We ran for a little over 22 hours in good seas. Unfortunately, m/v's 5th Quarter and Mystic Bond decided to follow the recommended course line 25-30 miles from the coast while the other 3 boats (m/v's Blackdog, Gypsy Time and Sun Cat) stayed some 10 miles further offshore in over 50 feet of water. The net result is that we spent the night dodging thousands of crab pots. That sure got the adrenaline going! We quickly found out that our sophisticated zillion candelabra remote controlled spot light was at the wrong angle to see anything. Poor André had to stand on top of the cuddy cabin through most of the night holding a big handheld spot light in front of the boat to find the crab pot markers. Olga, at the helm, had to react quickly and warn 5th Quarter of where the pots were. It was quite an experience. The sun did not come up until seven in the morning when we were finally able to see the pots. By that time the wind had picked up, creating some choppy seas and the sun was in our eyes, again not too pleasant.

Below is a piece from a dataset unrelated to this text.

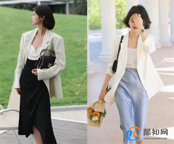西装+半身裙利落感十足的西装与女人味十足的半身裙结合起来,在上下身的搭配上呈现出一种风格上的混搭感,这种混搭风这两年非常流行,尤其是在日常出街搭配中,通过两种截然不同的单品结合到一起,让时尚感加倍。女性魅力比较强大的女生们可以使用浅色系的休闲西装上衣来搭配包身款式的半身裙,适度的包身可以通过一点点勾勒的搭配效果来呈现出身材上的曲线感,也可以使用适度开叉的设计方式来呈现出腿型上的优越感。想要增加亲肤性的话可以用利落感比较强的西装上衣来搭配缎面的半身裙,亲肤性非常强的同时还可以穿出高级感。格纹款式的西装上衣搭配上缎面的半身裙,在上下身的搭配上呈现出一种复古又温柔的搭配效果,在选择格纹西装的时候,可以根据自己想要呈现出来的搭配风格来选择不同纹理的大小。精致的小格纹比较适合年轻的女生,而粗放的大格纹比较适合稍微年长一些的成熟女性。

In any event, we made it safely to Tarpon Springs by 11:00am on Dec. 5th. After a quick sandwich at the marina grill, we crashed for a couple of hours. Once we caught up on our sleep, we stayed an extra day to play tourist in this predominantly Greek town, famous for its traditional sponge divers. Taking advantage of the oppportunity, we treated ourselves to some of the best Greek food we had eaten in months and picked up a couple of natural sponges at the city's sponge docks (nothing but the best to wash our boat!).

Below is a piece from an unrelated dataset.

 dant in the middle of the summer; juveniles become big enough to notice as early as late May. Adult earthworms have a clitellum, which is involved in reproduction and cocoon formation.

Now that we have arrived on Florida's West Coast, the temperatures have risen significantly, with most days in the mid-70's to low-80's. We anchored in a protected waterway just behind Clearwater Beach for a few days and enjoyed near perfect weather, so much so that Olga declared an official beach day so she could lie on the pure white sand and go swimming in the Gulf.
On Dec. 10th, we continued on to Madeira Beach with m/v 5th Quarter. Once we were safely tied up, we broke open the champagne and celebrated with them their completion of America's Great Loop, the roughly 6,000 mile journey that encompasses the eastern portion of North America - including the Atlantic and Gulf Intracoastal Waterways, the Great Lakes, the Canadian Heritage Canals, and the inland rivers of America's heartland. Bravo, Joe and Jan!

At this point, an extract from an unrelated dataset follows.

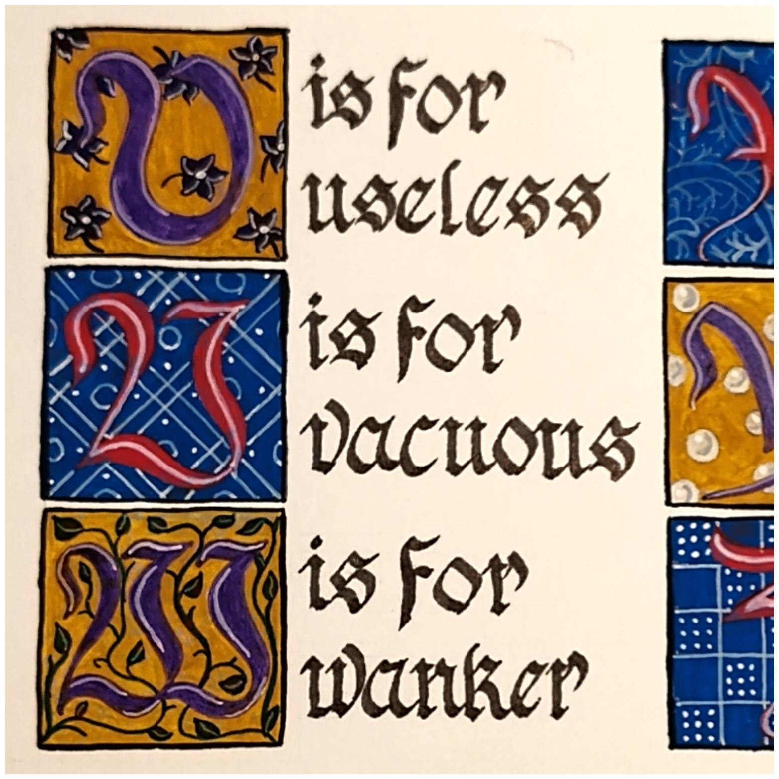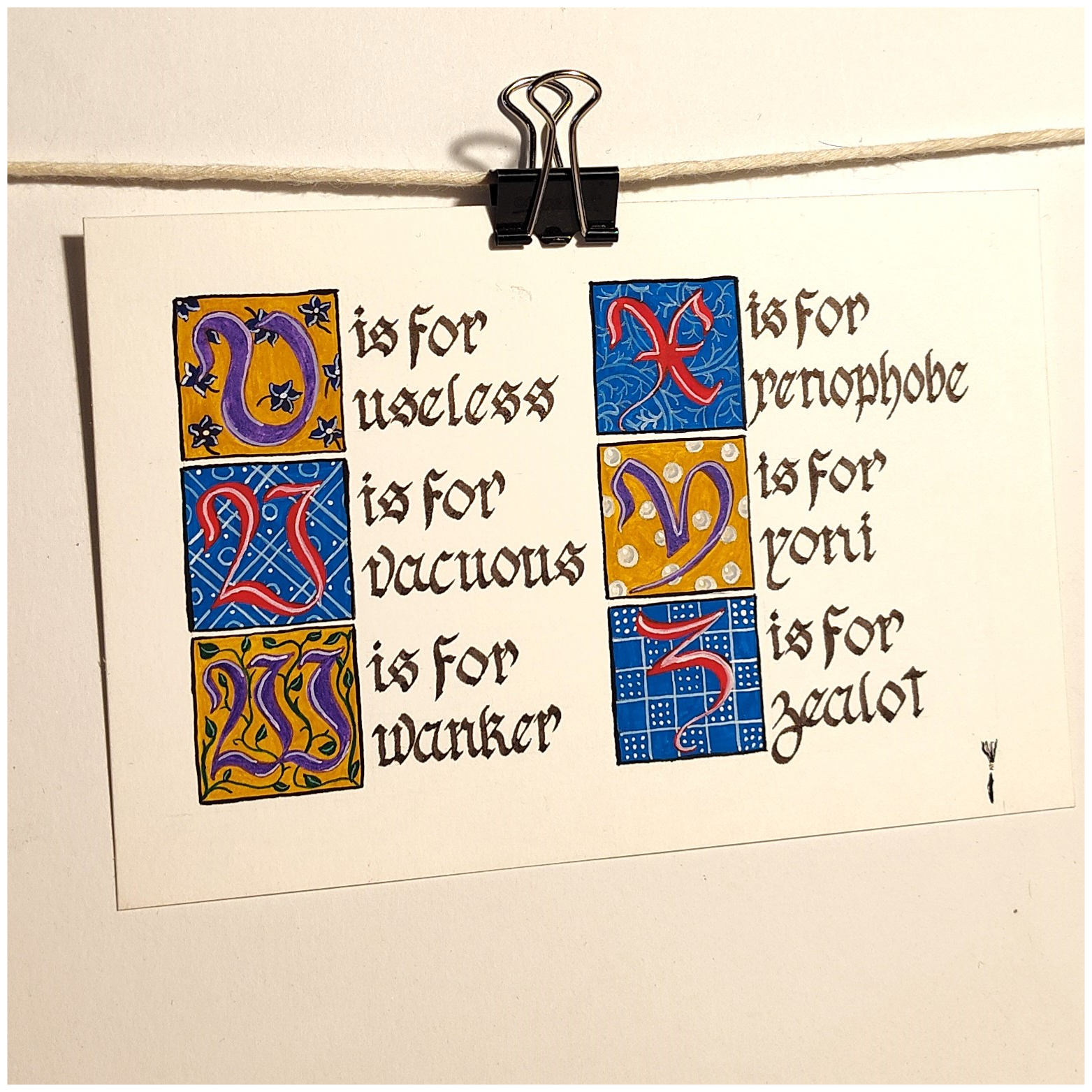 The original hand-painted and inked pieces that were turned into the Caustic Alphabet Print.

On Tuesday, Dec.18th, we picked up Olga's sister Monica who unfortunately arrived two days late due to severe snowstorms that shut down most of eastern Canada and the northern U.S. She cruised with us down to Punta Gorda where we are now tied up at the Fisherman's Village Yacht Basin for a month of R&R, day trips to the barrier islands in Pine Island Sound and (as usual!) a few boat projects.
Hope everyone has a great holiday season and that our friends up North don't get buried in too much of the white stuff (snow that is, not sand).